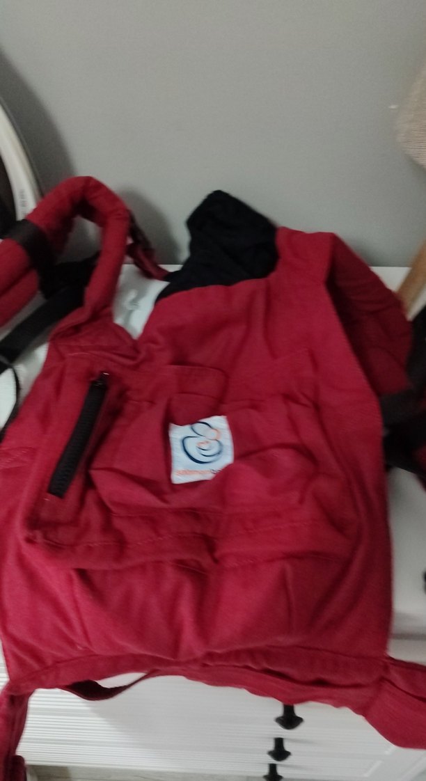 Ayarlanabilir askılı ve ön cepli koyu kırmızı bebek taşıyıcı. Bebek taşımak için rahat ve güvenlidir.
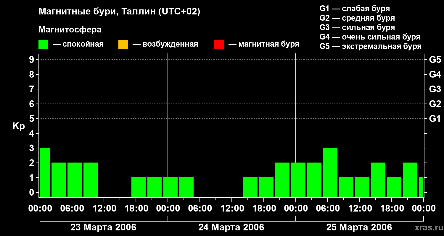 Изменения геомагнитного индекса Kp с 23 по 25 марта 2006 года для средних широт
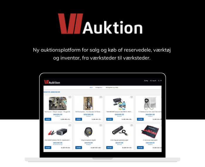 Auktionssiden faciliteres af VI, hvor en enkelt annoncering kun koster 30 kr. uanset varens størrelse, hvilket giver autoværkstederne en sikker og billig handelsplads.
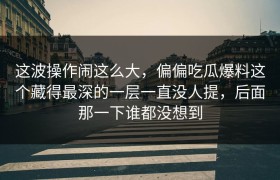 在当下社会,每一个大事件背后往往都隐藏着复杂的人情世故和难以捉摸的背后动机。这次的“这波操作”无疑是...
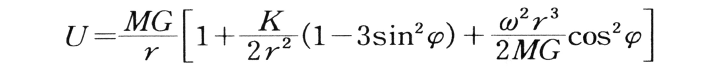 となる。Mは地球の全質量,K=〔C-(A+B)/2〕/M, A, B, Cは茂x, y, zについての慣性モーメント。このUを地球半径方向について微分すれば重力を得る。重力場は地球内部の物質分布により決定されている量であるから,逆に重力場を知ることにより地球内部の物質分布を知りうる。
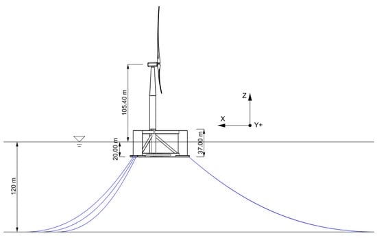 Lateral view of the target FOWT (observed from the positive y-axis).
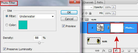 Шаг 17. Отыщите в куче ваших слоёв оригинальный слой с лягушкой, выделите глаза, скопируйте и вставьте их над слоями с синей кожей. Добавьте корректирующий слой Фотофильтр (Photo Filter)с настройкой Под водой (Underwater) и добавьте обтравочную маску.
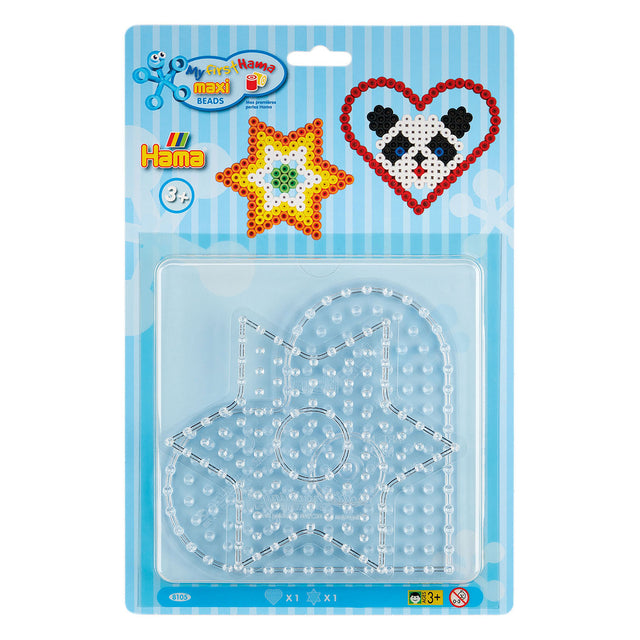 Hama strijkkralenbordjes Maxi in de vorm van een hart en een ster. De bordjes zijn alleen geschikt voor de maxi strijkkralen.
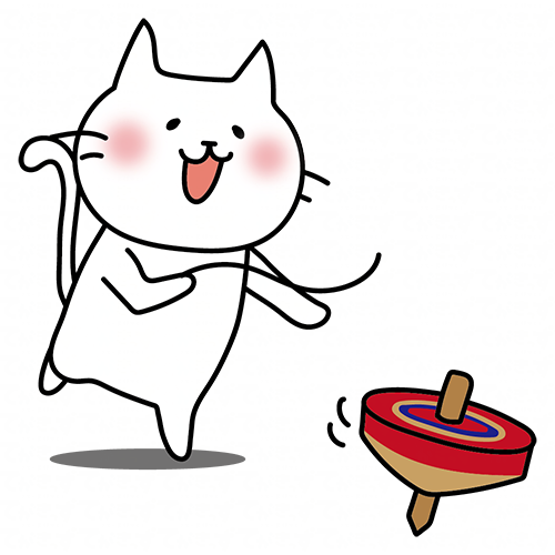コマ回しをして遊ぶ白い猫
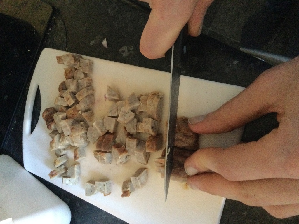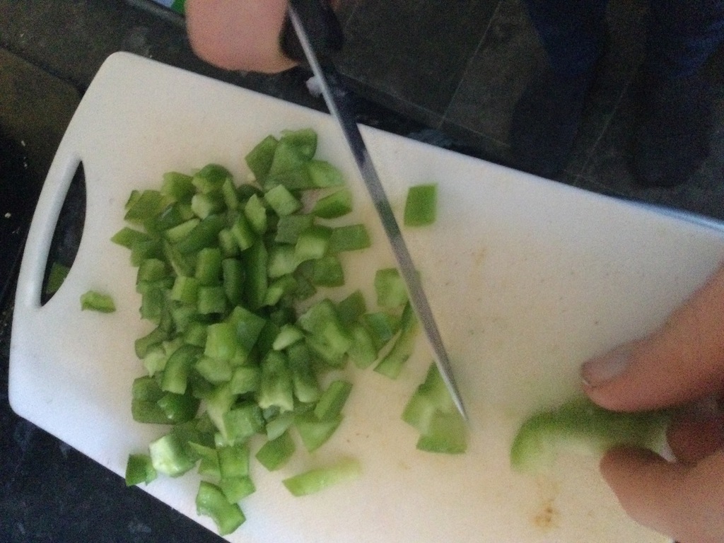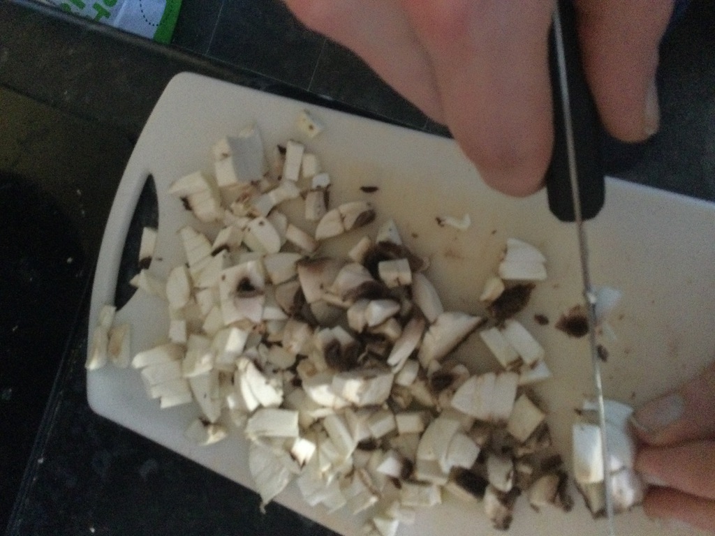 2. Slice the sausages, mushrooms and peppers into small chunks,
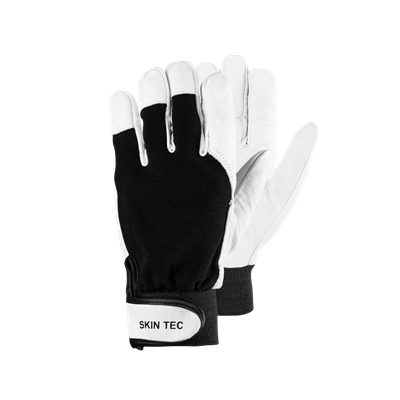 RS SKIN TEC to rękawice ochronne kategorii II wykonane z wysokiej jakości miękkiej skóry licowej koziej oraz trwałego drelichu w kolorze czarnym. Zastosowanie naturalnej skóry zapewnia wyjątkową elastyczność, czucie w palcach i doskonałą ergonomię pracy, co sprawia, że rękawice idealnie sprawdzają się przy zadaniach wymagających precyzji i delikatności.
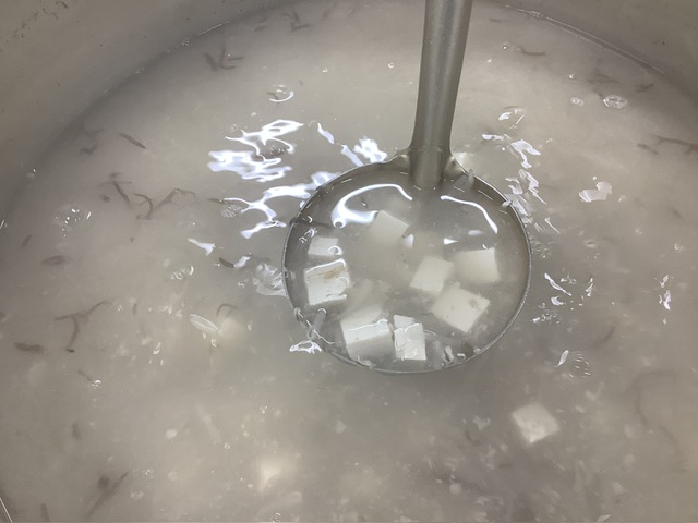 ふのりのみそ汁には、かつお・昆布・いりこでとったお出汁にもやし、木綿豆腐、ふのりが入り、美味しく仕上がりました。
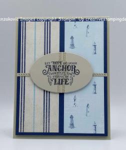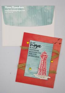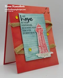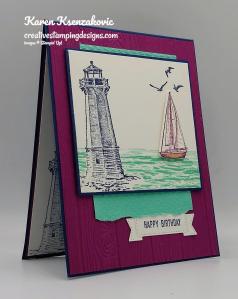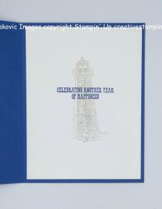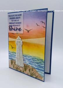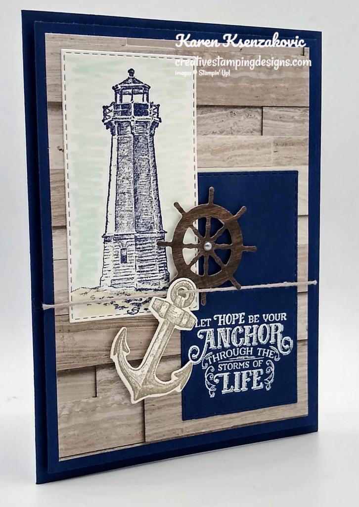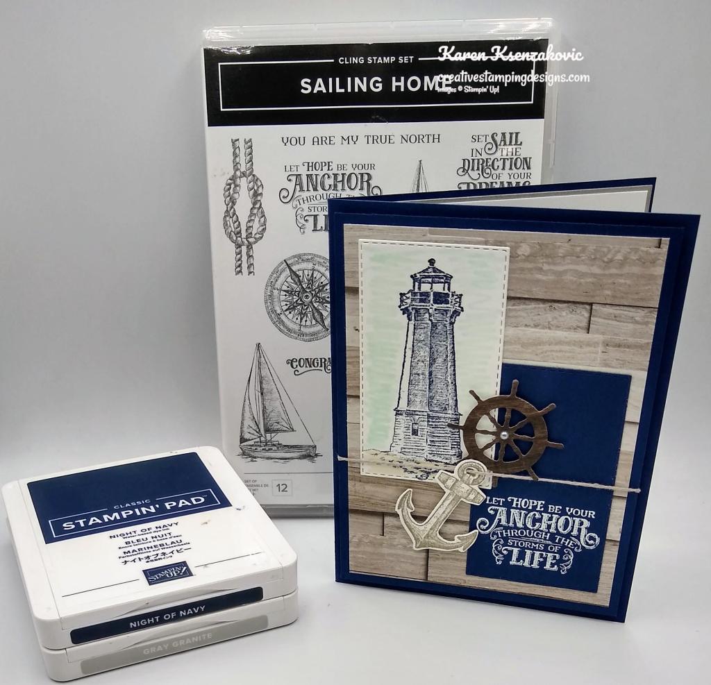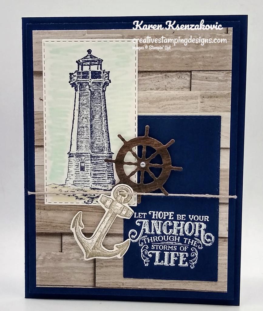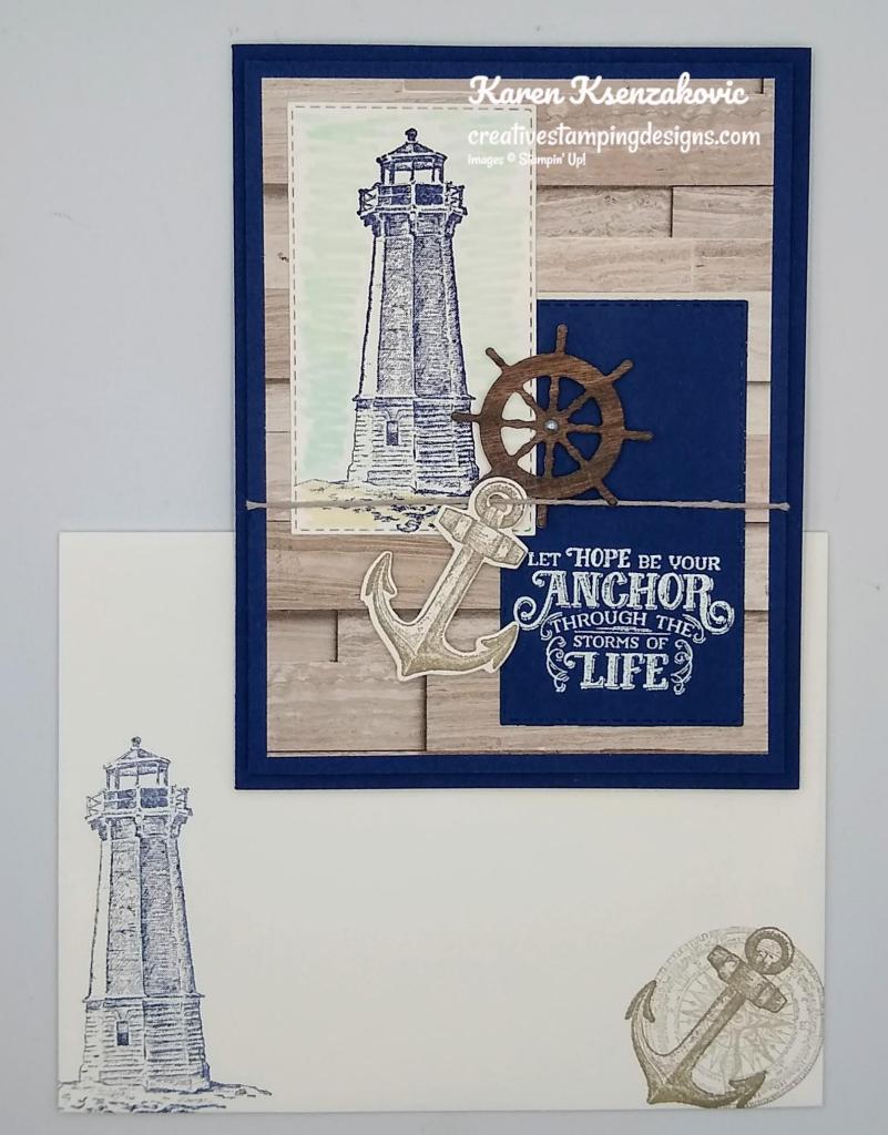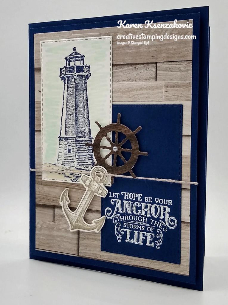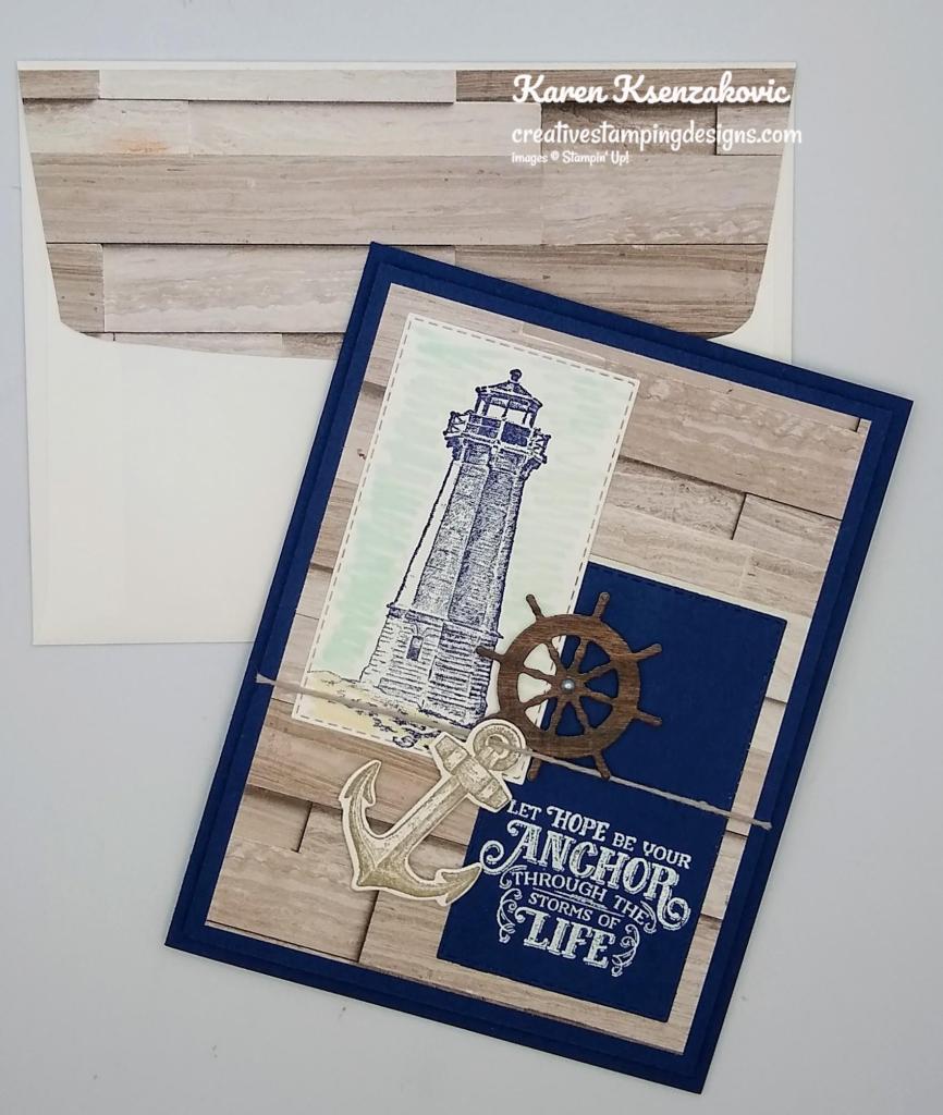 On a panel of Basic White cardstock I stamped the lighthouse image from the Sailing Home stamp set in Night of Navy Ink. I masked the lighthouse with a sticky note and added color to the backgrounds using my Blending Brushes. I added Coastal Cabana Ink on the top of the panel and Smoky Slate Ink on the bottom of the image. I stamped the bird image from the Sailing Home stamp set on the top of the panel in Night of Navy Ink. I stamped the sentiment from the Stampin’ Up! Through It Together Cling Stamp Set next to the lighthouse image in Night of Navy Ink. I cut the image out using my Stitched Rectangle Dies. I adhered the artwork to a Night of Navy mat using Stampin’ Seal and then to the card front using Stampin’ Dimensionals.

-------------------------

= Description of the task =
Output every entry word for word, but omit the pictures.

= Answer box =
 Ayarlanabilir askılı ve ön cepli koyu kırmızı bebek taşıyıcı. Bebek taşımak için rahat ve güvenlidir.
 Изменения геомагнитного индекса Kp с 23 по 25 марта 2006 года для средних широт
 Auktionssiden faciliteres af VI, hvor en enkelt annoncering kun koster 30 kr. uanset varens størrelse, hvilket giver autoværkstederne en sikker og billig handelsplads.
 在当下社会,每一个大事件背后往往都隐藏着复杂的人情世故和难以捉摸的背后动机。这次的“这波操作”无疑是...
 となる。Mは地球の全質量,K=〔C-(A+B)/2〕/M, A, B, Cは茂x, y, zについての慣性モーメント。このUを地球半径方向について微分すれば重力を得る。重力場は地球内部の物質分布により決定されている量であるから,逆に重力場を知ることにより地球内部の物質分布を知りうる。
 Lateral view of the target FOWT (observed from the positive y-axis).
 Шаг 17. Отыщите в куче ваших слоёв оригинальный слой с лягушкой, выделите глаза, скопируйте и вставьте их над слоями с синей кожей. Добавьте корректирующий слой Фотофильтр (Photo Filter)с настройкой Под водой (Underwater) и добавьте обтравочную маску.
 Hama strijkkralenbordjes Maxi in de vorm van een hart en een ster. De bordjes zijn alleen geschikt voor de maxi strijkkralen.
コマ回しをして遊ぶ白い猫
 2. Slice the sausages, mushrooms and peppers into small chunks,
 RS SKIN TEC to rękawice ochronne kategorii II wykonane z wysokiej jakości miękkiej skóry licowej koziej oraz trwałego drelichu w kolorze czarnym. Zastosowanie naturalnej skóry zapewnia wyjątkową elastyczność, czucie w palcach i doskonałą ergonomię pracy, co sprawia, że rękawice idealnie sprawdzają się przy zadaniach wymagających precyzji i delikatności.
 ふのりのみそ汁には、かつお・昆布・いりこでとったお出汁にもやし、木綿豆腐、ふのりが入り、美味しく仕上がりました。
 On a panel of Basic White cardstock I stamped the lighthouse image from the Sailing Home stamp set in Night of Navy Ink. I masked the lighthouse with a sticky note and added color to the backgrounds using my Blending Brushes. I added Coastal Cabana Ink on the top of the panel and Smoky Slate Ink on the bottom of the image. I stamped the bird image from the Sailing Home stamp set on the top of the panel in Night of Navy Ink. I stamped the sentiment from the Stampin’ Up! Through It Together Cling Stamp Set next to the lighthouse image in Night of Navy Ink. I cut the image out using my Stitched Rectangle Dies. I adhered the artwork to a Night of Navy mat using Stampin’ Seal and then to the card front using Stampin’ Dimensionals.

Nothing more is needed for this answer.